We say 頭に花が咲いているatama-ni hana-ga saiteiru lit. _flowers are blooming in the head_ for a person who's way too happy-go-lucky, thought to be going nuts to some extent.


----------



## bibax

Czech:

*šplouchá mu na maják* =lit._ it (i.e. water) laps/swashes against his lighthouse/beacon (i.e. head)_;
*kape/šplouchá mu na karbid* = lit. _it (i.e. water) drips/laps on his carbide_; (see the chem. reaction calcium carbide + water)
*straší mu ve věži* = lit._ it haunts in his tower (i.e. head)_ = _his tower is haunted_;
*má o kolečko méně* = lit. _he/she lacks one [little] wheel (i.e. in his gear = head)_;
*nemá všech pět pohromadě* = lit. _he/she hasn't all five [senses holding] together_;
*cvaklo mu v bedně* = lit. _it's clicked in his box (i.e. head, brainbox)_;
*jebe/jeblo mu (v hlavě, v bedně)* = lit. _it's fucking/fucked in his head, box_;

*mu* has to be replaced by *jí*, if the loony is a woman;

N.B. _a beetle in one's head_ is something else.

*Nasadila mu brouka do hlavy.* = lit. _She's deployed a beetle in his head._ = She's caused him to be thinking intensively about something (e.g. about her fidelity).


----------



## bibax

ThomasK said:


> Unfortunately our Spanish-speaking friends have not yet explained _*te zumba el mambo*_, which sounds very good though.

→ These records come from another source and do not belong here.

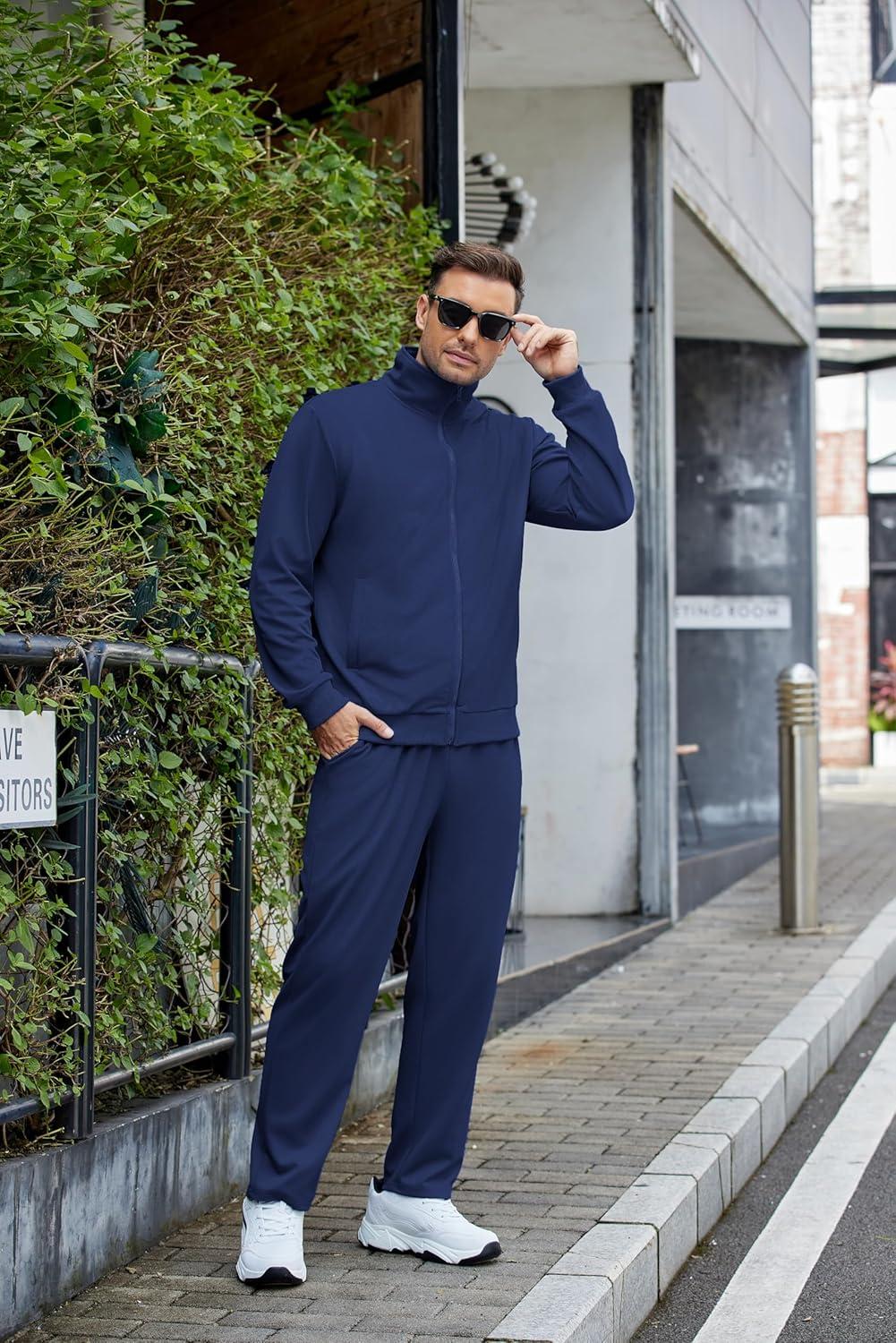 COOFANDY Mens 2 Piece Tracksuit Casual Sweatsuits Full Zip Track Suits Jogging Athletic Suit Sets(Navy)
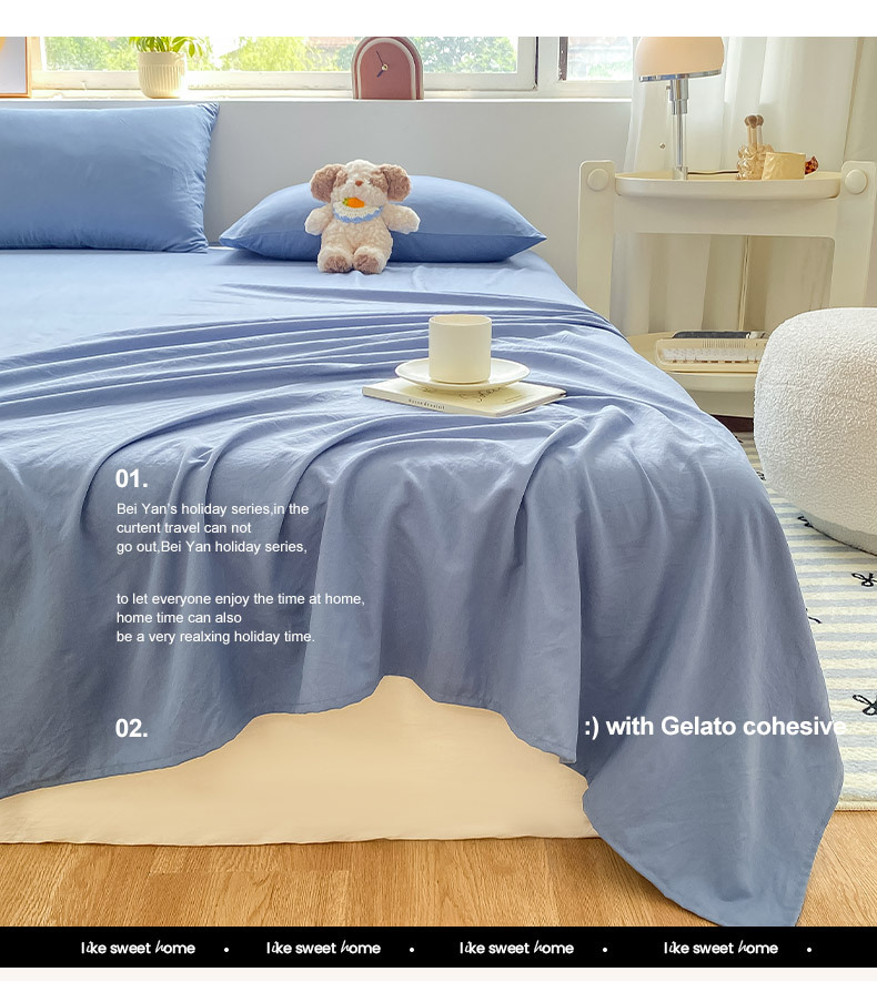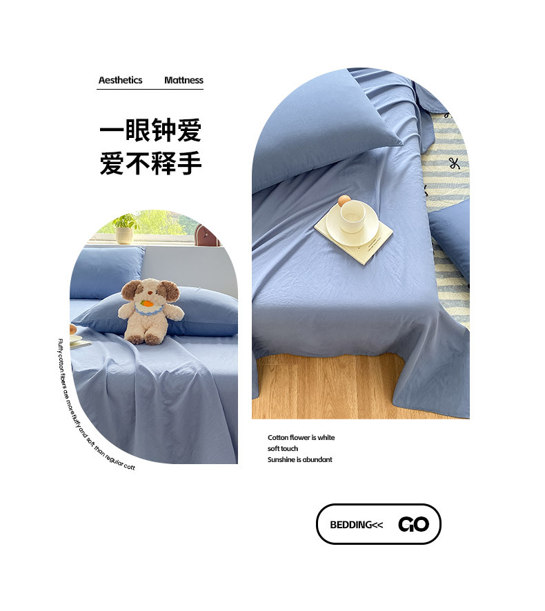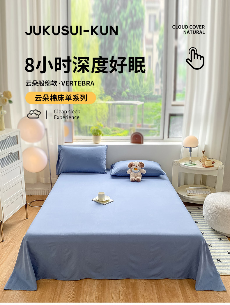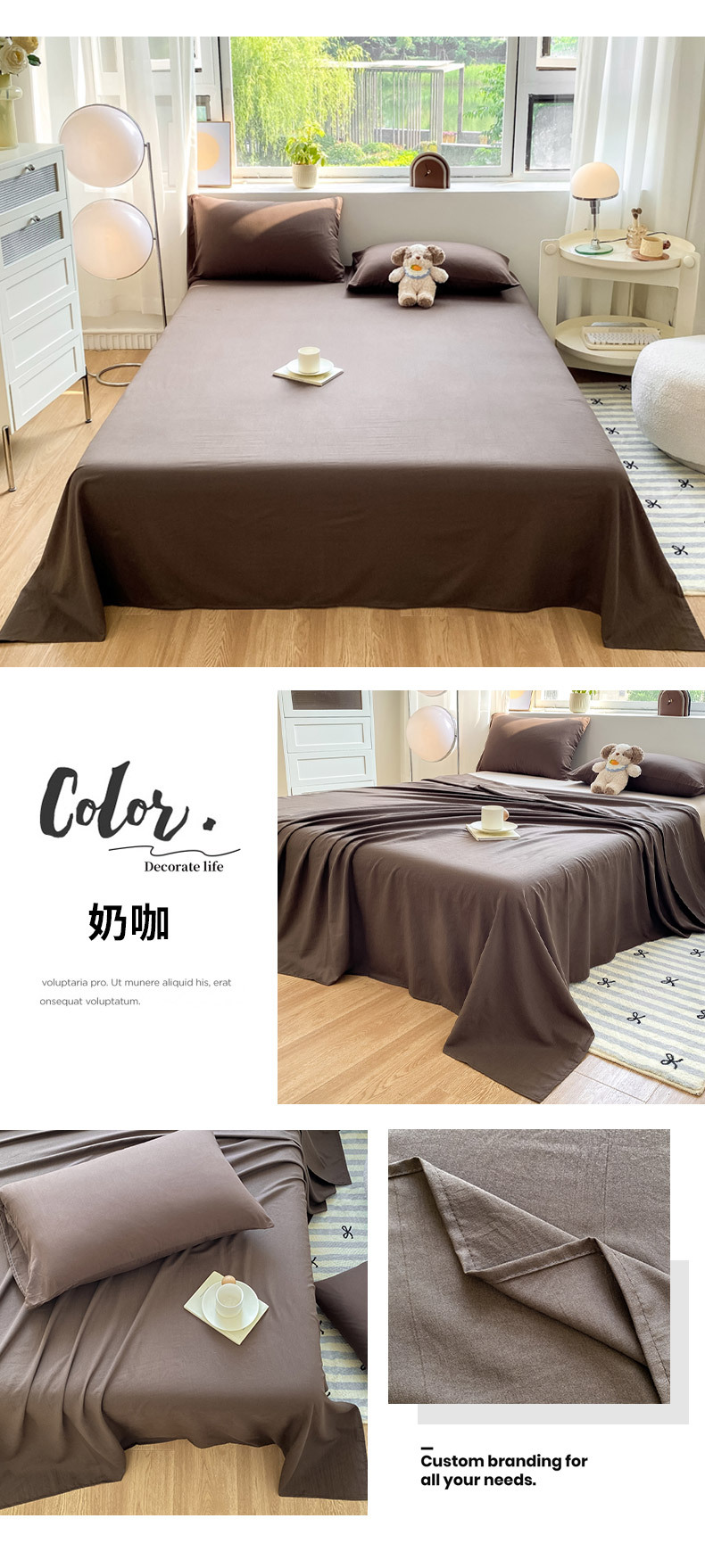 클래스 A 모성 및 유아 등급 솔리드 컬러 세척 코튼 싱글 침대 시트 퓨어 코튼 슈퍼 소프트 클라우드 코튼 간단한 침대 시트 베개 케이스 3 피스 세트
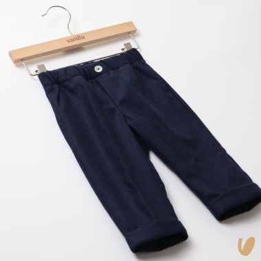 classic cut with thread pockets, mother-of-pearl button and elastic waist
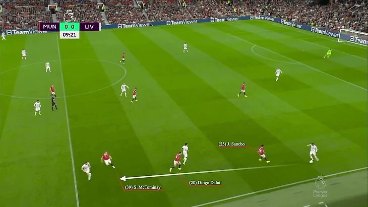 Этот пас был прерван Скоттом Мактомини, который затем отдал мяч на Бруну Фернандеша.
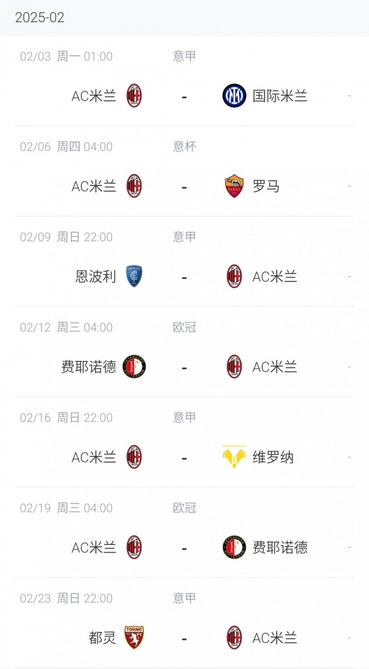 1月31日訊 歐冠附加賽抽簽結(jié)束,AC米蘭將迎戰(zhàn)費耶諾德。米蘭2月份賽程如上圖。
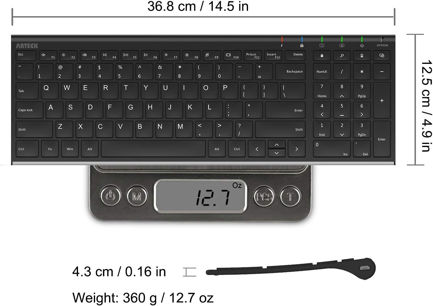 Arteck USB Wireless Keyboard Stainless Steel Ultra Slim Keyboard with Numeric Keypad for Computer/PC/Laptop and Windows 11/10/8 Rechargeable Battery
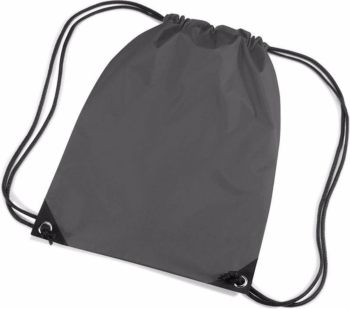 Nylon gymtas in het donkergrijs (antraciet) van waterafstotende stof en reigkoord. Inhoud: 12 liter. Afmeting: 45 x 34 cm.
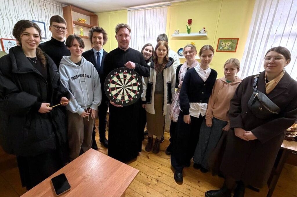 15 февраля 2026 года в Георгиевском храме города Долгопрудный состоялась очередная встреча молодёжного клуба «Звонница». Настоятель прихода протоиерей Александр Суворкин поздравил ребят и прочел обращение Святейшего Патриарха Московского и всея Руси Кирилла ко Дню православной молодёжи. В преддверии дня памяти святителя Николая Японского был организован открытый урок по игре в дартс. Руководитель молодёжного клуба диакон Евгений Нектаров рассказал основы игры и правила соревнований. Все участники встречи имели возможность освоить технику броска с профессиональным оборудованием, а также научиться основам тактики игры. Встреча завершилась дружеским чаепитием.
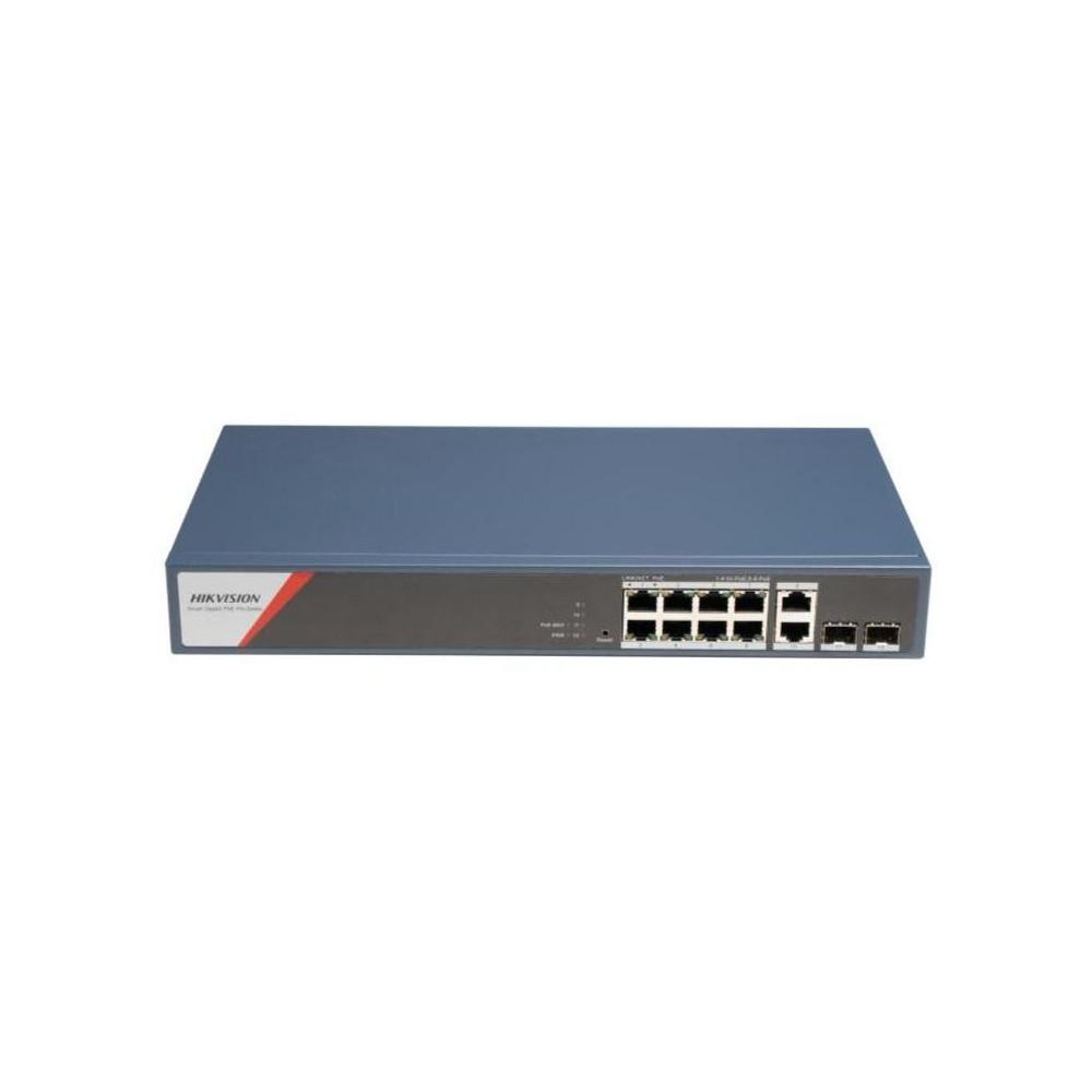 Hikvision DS-3E1512HP-SI-8P2T2F - Smart managed switch 8x Gb PoE + 2x Gb SFP Uplink + 2xGB RJ 45, 130W, Super PoE - dosah až 300mSmart funkce Vizualizace topologie sítě Alarmy typu PUSH Monitoring stavu zařízení v reálném čase Správa šířky pásma Náhled trasování Rozpoznávání zařízení Náhled živého snímkuHardwarové funkce PoE porty: 8 x gigabit port + 2x Gb SFP Uplink + 2x Gb RJ45 typ portů : RJ45, full duplex, MDI/MDI-X adaptive Network standard: IEEE 802.3, IEEE 802.3u, IEEE 802.3x, IEEE 802.3ab, and IEEE 802.3z Switching capacity: 24 Gbps Forwarding mode: Store-and-forward SuperPoE podpora přenosu až 300m MAC address Table: 8K PoE standard: IEEE802.3af, IEEE802.3at PoE Power: max. 130W Port power: 1-4 - 90W, 5-8 - 30WOstatní parametry Napájení: 100-240 V,
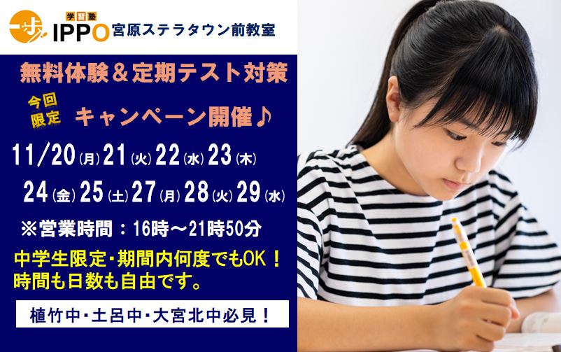 上記期間にてテスト対策講座を実施します。期末テストに向けて一緒に点数UPを目指していきます。日付・時間・教科は自由に選べる無料体験になっております。その後興味を持ってもらえたら面談をさせてもらい入塾手続きをさせてもらいますので、今回の「対策講座のみ」の参加でも全然問題ありません♪今回限定のキャンペーンになりますのでこのチャンスに是非ご参加ください!
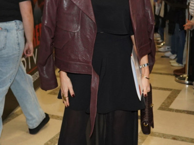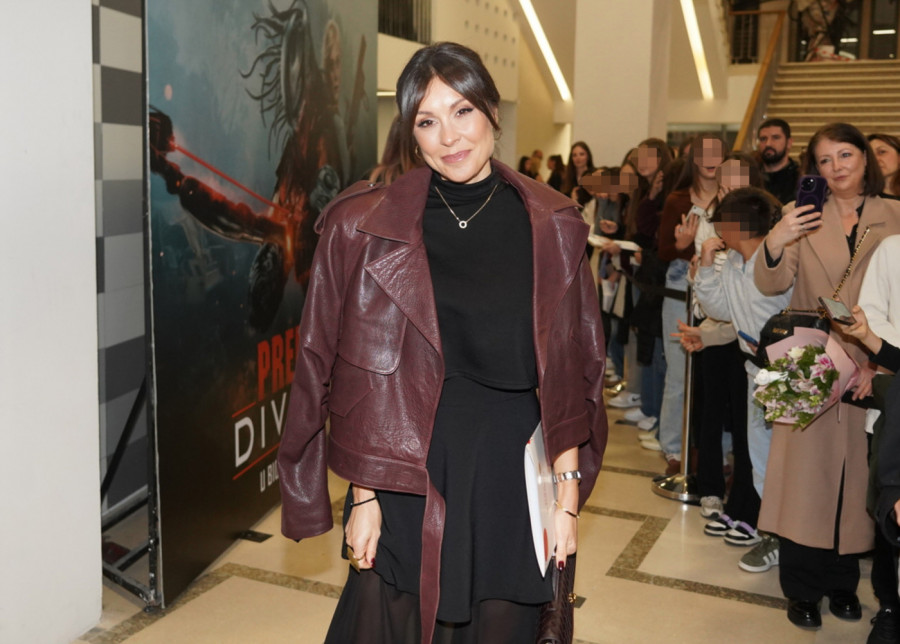 Posebnu pažnju privukle su duge bordo čizme od lakirane kože, model koji unosi kontrast u tamnu kombinaciju. Čizme daju autfitu dozu luksuza i jasno pokazuju da Dragana bira komade koji su istovremeno trendi i bezvremenski. U ruci nosi kožnu jaknu u identičnoj nijansi, čiji se bogati tonovi savršeno uklapaju sa ostatkom kombinacije, dok je u istom tonu i tašna.

I guess it means: _You are bitten by the mamba. **_


----------



## spindlemoss

There are a number of phrases in Welsh, including:

*hanner call* "half sane" i.e. not fully sane

*chwarter call* "quarter sane" i.e. even less fully sane

*hurt bost *"(as) stupid (as) a post"

*off ei ben* "off his head" - the first word is borrowed from English, and is similar to phrases like "off his trolley"

My favourite is the following, because of the way it sounds too:

*ddim yn llawn llathen* [ˈðɪm ən ɬaun ɬaθɛn] "not a full yard"


----------



## ThomasK

DaylightDelight said:


> Japanese: We also have expressions with "a screw".  I wonder if it was introduced from a foreign language.
> 頭のネジが外れてる = got a screw in the head missing
> 頭のネジが緩んでる = got a screw in the head loose
> 頭のネジが飛んでる = got a screw in the head flown


It would be interesting to know when it was introduced. It seems less common around here now...


----------



## ilocas2

*zumbar* is *to buzz*, so *te zumba el mambo* could mean *the mambo is buzzing to you* or *the male of mamba snake is buzzing to you* perhaps


----------



## Plus7

In Greek Cypriot dialect we have "Χάνει η παττίχα του", meaning "his watermelon has a leakage"


----------



## KalAlbè

*Li pèdi tèt li* literally: he's lost his head.


----------



## Armas

Finnish:

-_ruuvit löysällä_ (has loosened screws)
-_ei ole kaikki kotona_ (doesn't have everyone home), this has an infinite number of variations "he doesn't have all the X in the Y"
-_vintti pimeänä_ (has lights turned off in the attic)
-_vintillä tuulee_ (the wind blows in the attic)
-_lepakoita vintillä_ (has bats in the attic)
-_lepakoita tapulissa_ (has bats in the church bell tower)
-_hissi ei mene ylös asti_ (the elevator doesn't go all the way up)


----------



## franknagy

Hungarian:
Elmentek otthonról? = Have they gone from home?
Nincs ki mind a négy kereke. = One of the four wheels are missing.


----------



## Encolpius

franknagy said:


> Hungarian:
> Elmentek otthonról? = Have they gone from home?
> Nincs ki mind a négy kereke. = One of the four wheels are missing.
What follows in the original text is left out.